Finding trust in an unlikely place.
So last week I bought a car. I am now the proud owner of the 2013 Mazda I leased 3 years ago from Marin Mazda Subaru. A little anticlimactic, sure, but still cool. When I originally leased the car I was newly separated from my ex-husband, living at a friend’s house and had zero concept of what my future held. All I knew was I needed a car and I was no longer interested in pawning off car purchasing (or spider catching or jar opening) to another presiding male in my life. I was ready to do for ME.
Not knowing anything about leasing, I did a bunch of research, got quotes, leased myself a great car and left feeling like a self-sufficient goddess.
3 years later I took the same approach. I again did my research, got a few interest rates, negotiated one down and drove off the lot happy as a clam.
On the way home across the San Rafael bridge I pondered how surprisingly painless the car leasing and purchasing processes had been. Growing up, car buying was a horrible endeavour that consisted of my mother, siblings and I being forced to eat our mid-morning snack, lunch and sometimes dinner from the dealership vending machine while my father haggled over every fine detail until the salesman was so brow beaten that he’d give my father whatever he wanted as long as he promised to leave.

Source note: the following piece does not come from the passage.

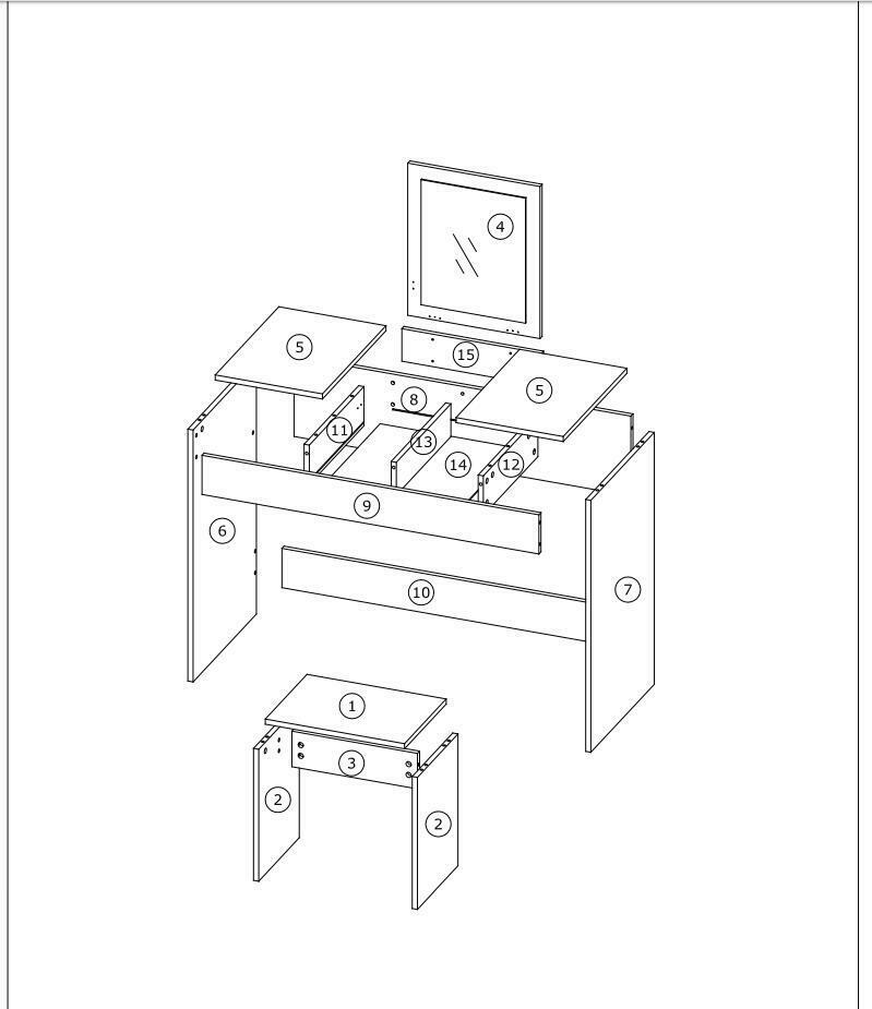 MDF Dressing Table Stool Set with Mirror Makeup Desk Dresser for Study Table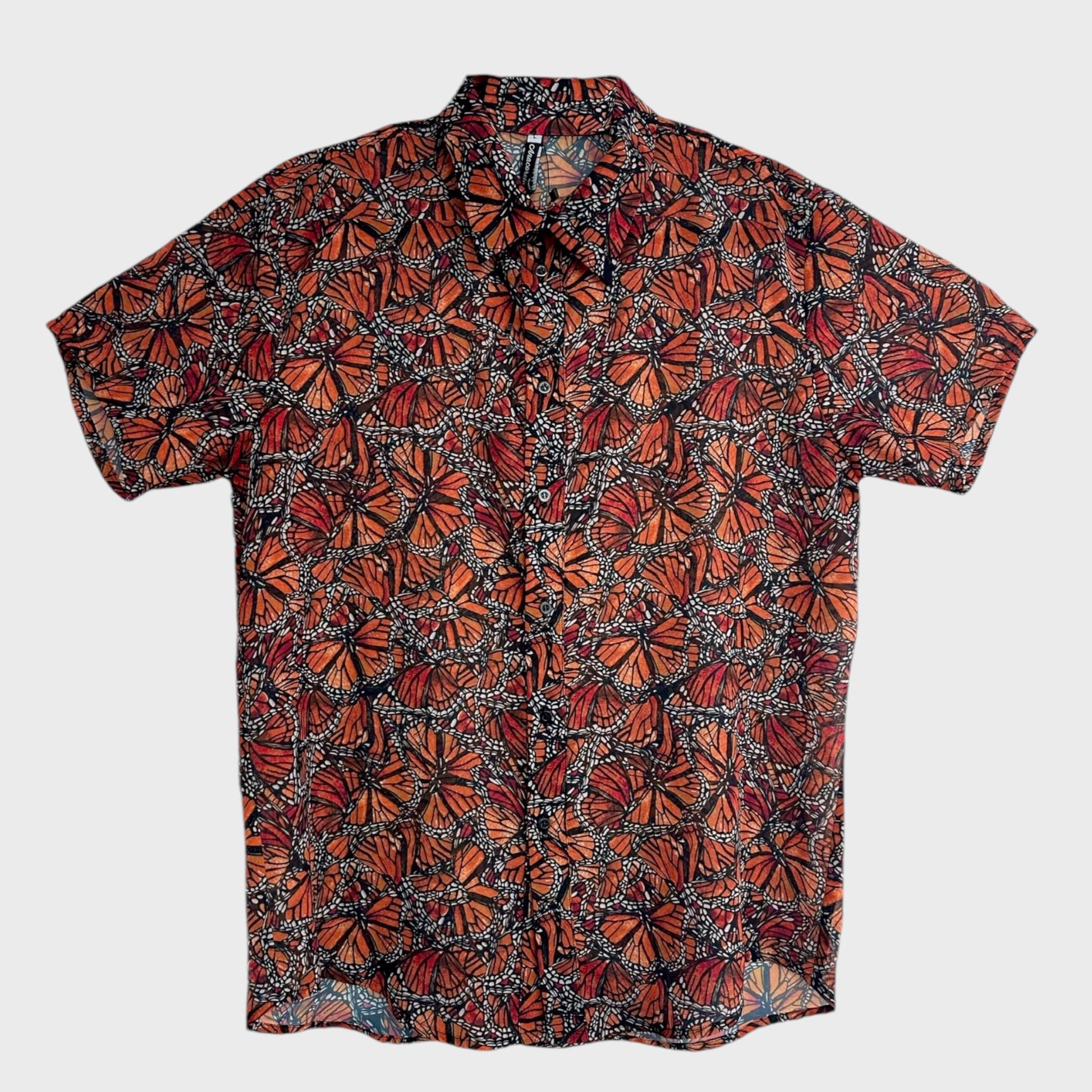 Camisa de gasa semi-transparente con estampado de mariposas.

One particular time my father made the salesman so nuts that when we finally left in our new maroon Dodge Caravan 8 hours later, they announced over the loudspeaker, “HE’S LEAVING.”
There were a number of lessons I learned from my father, whether through watching him negotiate or hearing him spout thoughtful one-liners like, “Men are only interested in one thing” and “Why buy the cow when you can get the milk for free?” (He may not have actually said the last one but it was implied.)
The lesson: Fight. Fight because men are untrustworthy and always looking to screw you over.
I began to recall all the times I’d gazed suspiciously at men, wondering if they might harm me. I thought about my knack for keeping men in the “friends-zone” to prevent them from hurting my heart. I remembered all the times I subconsciously wrote all men off as selfish and inept, generalizing the entire gender.
I also realized how my “men are untrustworthy” motto has shifted since my divorce.
I no longer fret the way I used to about men’s motivations. I don’t worry they’re trying to con me, harm me, or get something from me. I also didn’t walk into that dealership, either time, ready to do battle. I looked at the sales guy not as someone to fight, but someone to work with to attain my goal.
All of these ah-has were coming so fast and furious I didn’t notice that the bridge traffic was slowing to a complete stop.
As it turns out, just 20 cars ahead a woman had flipped her vehicle that was now upside down blocking both lanes.
People got out of their cars and headed towards the accident. Someone called an ambulance. Another a tow truck. Once the woman was stable, people came back to their cars and it was then I noticed that all the drivers around me were male.
And so it was, while on a shaking bridge, suspended 100 feet above the bay, I got to practice my new realization and trust a group of male strangers. For the next hour I chatted with a friendly engineer who told me all about his love of martial arts and with a pack of soccer players who quickly opened their trunk to reveal a cooler full of watermelon that they offered to everyone around.
The vibe was convivial. Relaxed even. It was like people had made an unspoken agreement to forgo freaking out and instead get to know their fellow bridge buddies.
In years past I would have stayed in my car, or on my phone, simultaneously ignoring and eyeing these men. That day I chose to be part of their agreement, to be present in the moment and trust.
60 minutes later we were back in our cars, engines on, wheels in motion, heading towards our specific destination. Time began again and we were all sucked back into our own private worlds.
As my tires passed over the connector between bridge and solid road I took a big, deep breath of gratitude. (A theme I regularly work on personally and with my clients.) Gratitude for the ambulance that came quickly and took the injured woman to safety. Gratitude for the bridge not collapsing. Gratitude for the kindness and coolness of male strangers, and gratitude for the opportunity to be reminded again that common humanity does exist.
In a time when women around the world and at home are still being shown that men harm and take and violate, it’s easy to extend this reality to an untruth about all men. It’s easy to wall ourselves off and turn towards suspicion and mistrust. And when we do that, when we make isolation and protectionism our default, we cut ourselves off from our own humanity, from our own capacity for connection and miss the great opportunity we all have to come together, help, serve and know we are not alone.